Сомкнул сурово брови витязь Юрок Долгорук, не понял слов мудреных златолюбца:

- Давид? Нема такого посредь предков моих! Думай, што глаголешь, купчина!

- Да што глаголю то? Почитай, не Бог весть каку тайну открываю для тебя! Предок то твой, как и мой, из выкрестов, из жидобы, что крест благословенный приняли да покаялись. Батяня твой, что преж из Астрахани в град наш переехал, по рождению верняк из Дорофовичей был, семьи ростовщической, знатной выгодами своими…Опосля ужо крест принял, как и мой, токмо чуток попозжа… Иначе откуда ж среди люда славянского анжинеру то взяться, волшбу от механики творить?! Вот и сменил веру отцову на крест православный… Однако ж выгоду и ты, и я разуметь должны во всем, потому как кровью нашей то велено…

- Брехаешь, купчино! – пуще прежнего озлился витязь, десницу на рукоять меча то положил, да на вершок из ножен и вынул, - Род мой не из Дорофовичей твоих, а от князей немецких, Фон Дорфов ведется, и о том мне верную правду бабка моя, Пелагея сказывала. Оттуда и талант к анжинерии да механике. А что касаемо выгоды – нет мне нынче большей выгоды, чем пустую брехню твою прекратить, да за долг за сотоварища мово с тобой рассчитаться. Говори - чего хочешь?

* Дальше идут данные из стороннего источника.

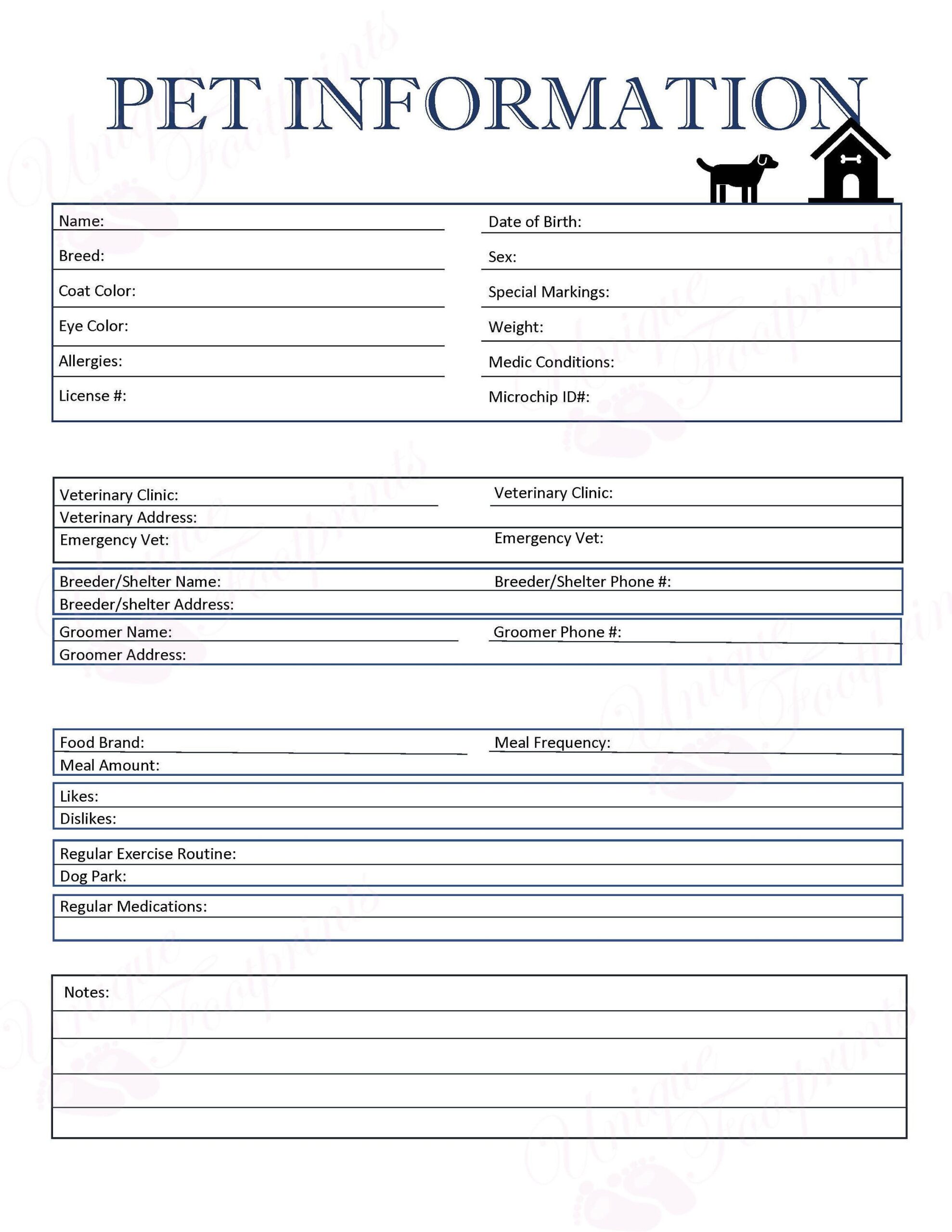 Printable Pet Information Sheet Template – A versatile and adjustable file or design, referred to as a printable template, can be used for a range of functions. They are frequently available in digital formats, enabling easy printing or online sharing.

Не растерялся купчишка, не в первой видать ему с сильными да благородными торг вести, потому и гибок, аки ветка под снегом… Снег то тяжел, да однова рухнет оземь из-за тяжести своей, да и растает к весне, а ветка все жить дутее, из-за гибкости своей… И потому сказал, всем видом своим смиренность показуя, однако ж в словах его нет ни смиренности, ни чести:

- Есть у тя, князь, дар, женой моей неразумной вам отданный. Яйцо расписное, суща безделица, однако ж поймешь ты мя, князь, шо не гоже мужу терпеть своевольность бабью. Вот и прошу смиренно – отдай яичко то расписное… а я за то и ущерб от дружинника твово позабуду!

Задумался витязь, замолчал на миг. Миг тот долог да краток. Долог – потому как в киселе застывца-холодца Времени истуканом все замерло… краток – молнии блеском, што сверкнула в глазах княжьих, и широко улыбнулся витязь Юрий Долгорук, прозванный так за мечи сотоварищей, что руки его, карающие ворогов, до самых границ княжества и подале удлиняли… Мыслям своим улыбнулся князь, и сказал:

- Тешит мя дума, што кудесница та, дивный дар-яйцо сотворившая, в силу животворну креста уверовавшая, из половцев родом. Значицца, быть на земле этой, кровь половецкую да русскую сдружившую, граду, и нарекут его однажды столицей, што кровь земли огнем горючую и собой человече вперед двигающую, людям дарует. Быть граду тому Столицей Крови Земли, и быть тут дружну народу всякому! А тебе, мужу нерадивому, скажу – неча другим пенять, коль бабе своей удержу найтить не можешь. Особливо ежель баба та за мужика то в доме, да и закон божеский поболе тя чтит, хоть и половецких то кровей. А за яйцо то расписное говорить не в торопь мне, тем паче што обидел ты нас, забаву воинскую прервав! Вели забаву продолжить, да мзды за это не имай, и будем опосля с тобой о деле твоем толковать… Потому как… символишно все энто!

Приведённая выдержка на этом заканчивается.